Common clinical questions about AMRIX vs KEPIVANCE, answered by our medical review team.
AMRIX is a Muscle Relaxant that works by Centrally acting muscle relaxant; it is the R-enantiomer of baclofen. Agonist at GABA-B receptors in the spinal cord, leading to inhibition of monosynaptic and polysynaptic spinal reflexes, thereby reducing muscle spasticity.. KEPIVANCE is a Growth Factor that works by Kepivance (palifermin) is a recombinant human keratinocyte growth factor (KGF) that binds to the KGF receptor, a splice variant of fibroblast growth factor receptor 2 (FGFR2b), stimulating proliferation, differentiation, and migration of epithelial cells, including those in the gastrointestinal tract.. They differ in pharmacokinetic profiles, FDA-approved indications, and side effect profiles.
Potency comparisons between AMRIX and KEPIVANCE depend on the specific clinical indication. These are agents from distinct pharmacological classes and are not directly interchangeable by dose. A physician or clinical pharmacist should guide any therapeutic switching decisions.
The standard adult dose of AMRIX is: 15 mg orally once daily. May increase to 30 mg once daily if needed, after at least 1 week. Maximum 30 mg/day.. The standard adult dose of KEPIVANCE is: 60 mcg/kg/day intravenously for 3 consecutive days before and 3 consecutive days after myelotoxic therapy.. Dosing should always be individualized based on indication, renal and hepatic function, age, and other patient factors.

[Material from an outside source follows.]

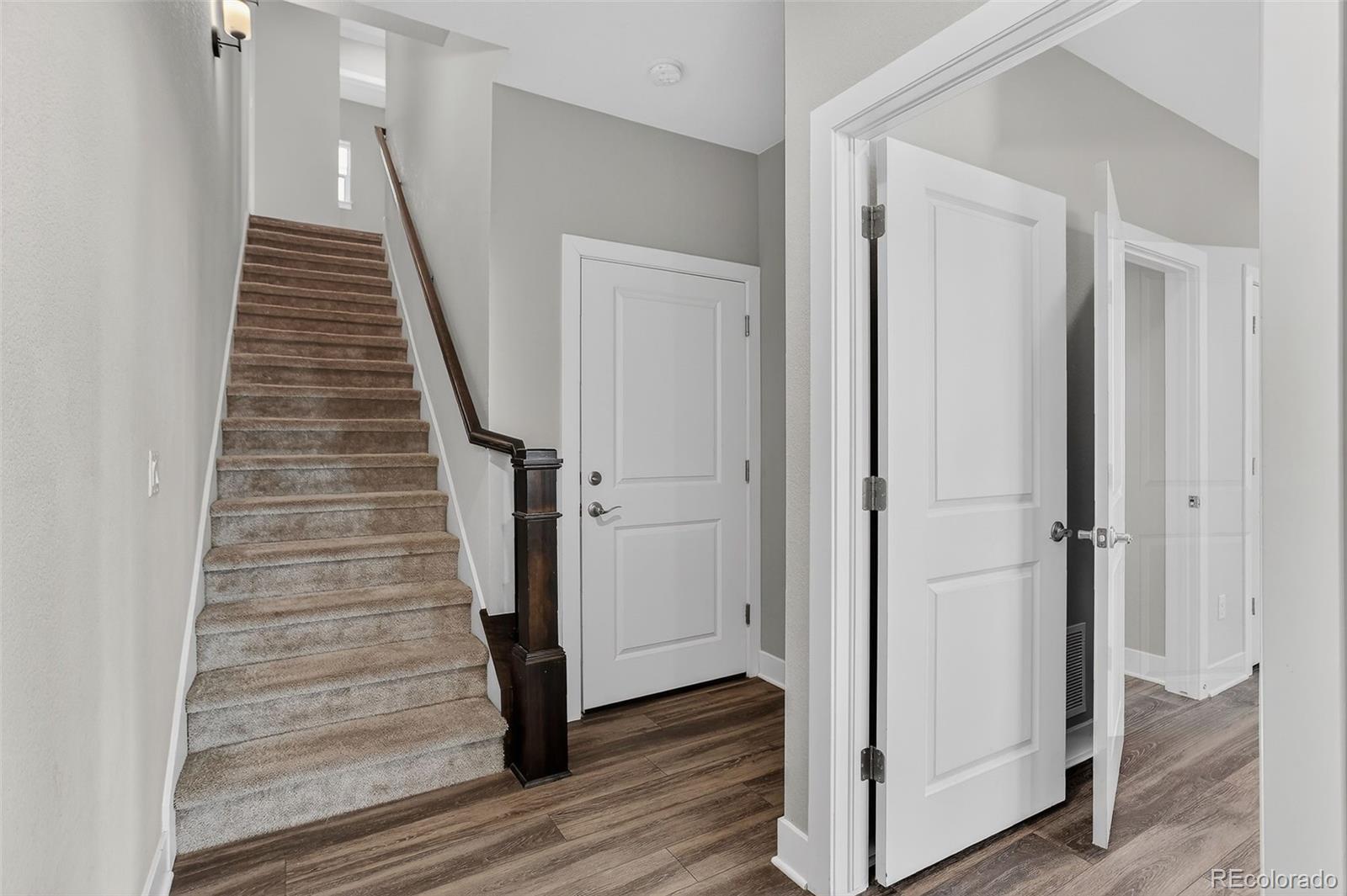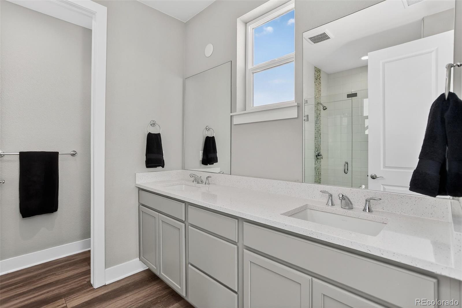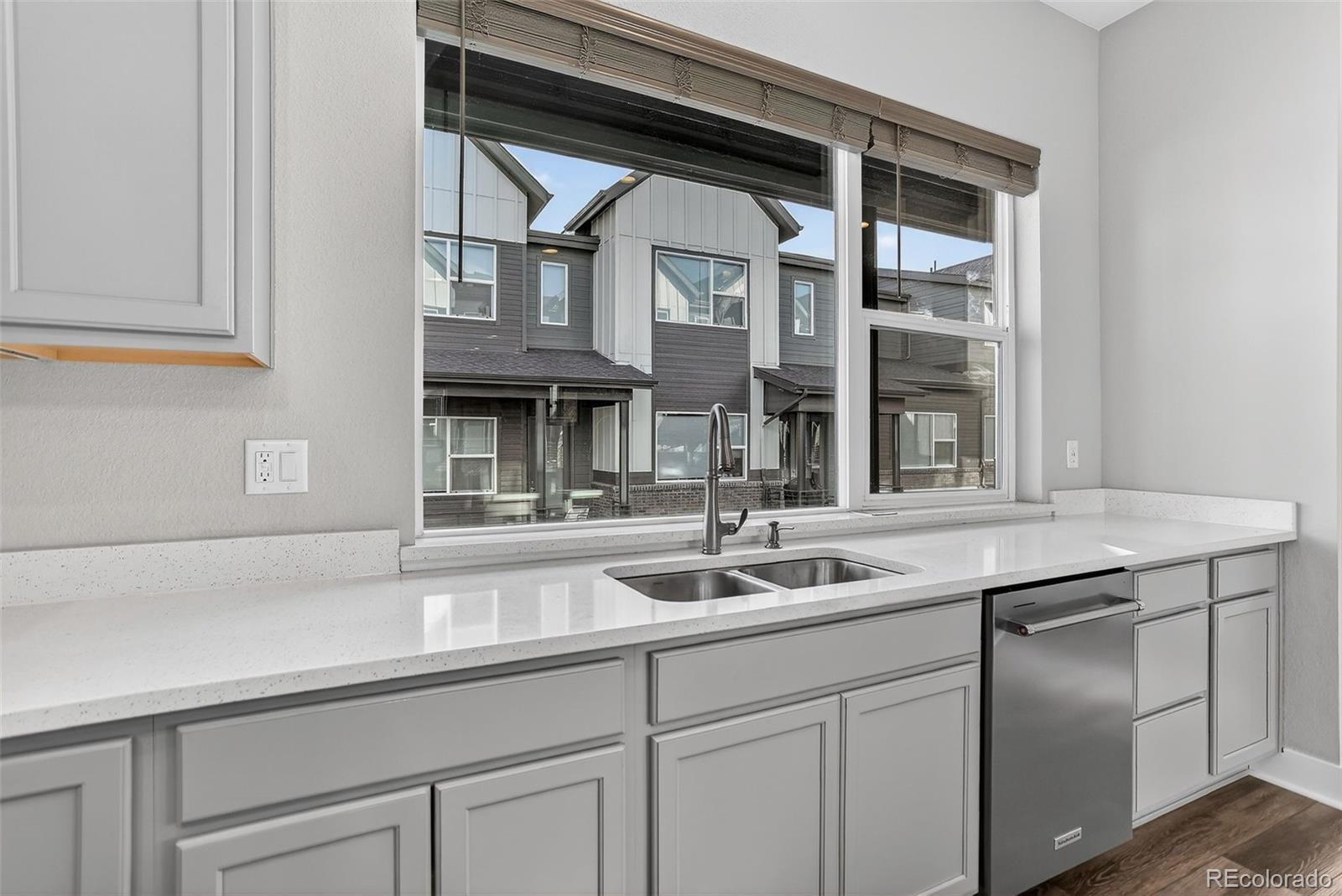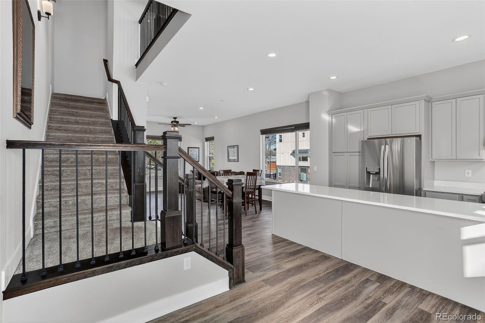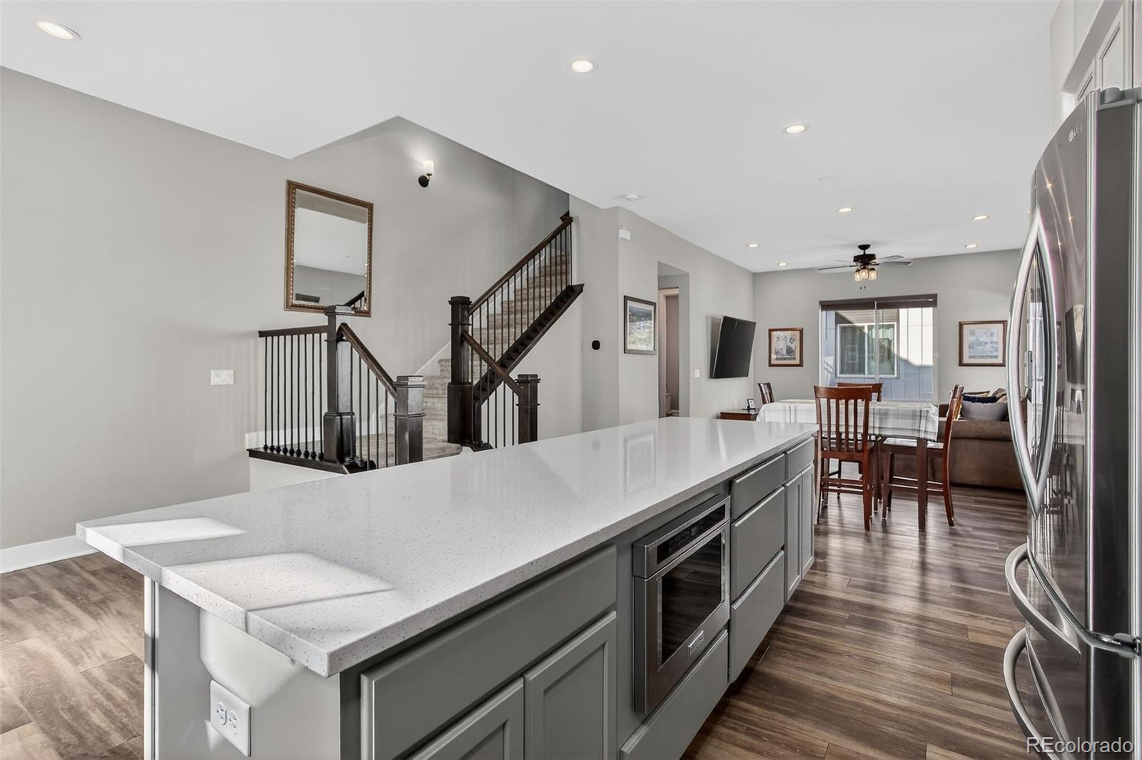 There’s something special about a home that greets you with light. In the heart of Wheat Ridge at the Ridge at Ward Station, this beautiful end-unit townhome is filled with sunshine, warmth, and a sense of ease that instantly feels like home. Just steps from Clear Creek trails and nearby parks, mornings begin with fresh air and peaceful walks, and evenings invite you back to a place that feels calm and connected. Inside, clean architectural lines and oversized windows create an open, airy flow, while stylish luxury vinyl floors add warmth throughout the main living spaces. The kitchen becomes the natural gathering place—anchored by a generous quartz island, stainless steel appliances, and thoughtfully designed cabinetry with pull-out shelving and rotating corner storage. It’s easy to imagine slow weekend breakfasts, casual dinners with friends, and conversations that linger. A main-level powder bath adds everyday convenience. Upstairs, the primary suite feels like a private retreat with a spa-inspired bath, dual sinks, and a beautifully tiled shower. A second upstairs bedroom offers its own ensuite bath and walk-in closet, while laundry is conveniently located upstairs for everyday ease. The lower level offers flexibility and possibility with a private bedroom, full bath, and bonus office or flex space—perfect for guests, working from home, or creating a personal haven. Smart-home features include smart appliances, lighting, thermostat, and a tankless water heater. Located within top-rated Jefferson County schools and a neighborhood that values local favorites like Edwards Meats and Heinie’s Market, this home isn’t just where you live—it’s how you live. Close to dining, parks, and easy highway access, life here simply feels good.

No direct drug-drug interaction has been formally documented between AMRIX and KEPIVANCE in current clinical databases. However, individual patient risk factors including other medications, organ function, and comorbidities should always be evaluated by a qualified healthcare provider.
The maternal-fetal safety profiles differ. AMRIX is classified as Category C. Cyclobenzaprine (AMRIX) is classified as FDA Pregnancy Category B. Animal studies have not demonstrated fetal risk, but adequate well-controlled studies in pregnant women are lacki. KEPIVANCE is classified as Category C. KEPIVANCE (palifermin) is a recombinant human keratinocyte growth factor. No adequate and well-controlled studies in pregnant women. In animal reproduction studies, palifermin was . Always consult a maternal-fetal medicine specialist before taking either drug during pregnancy or lactation.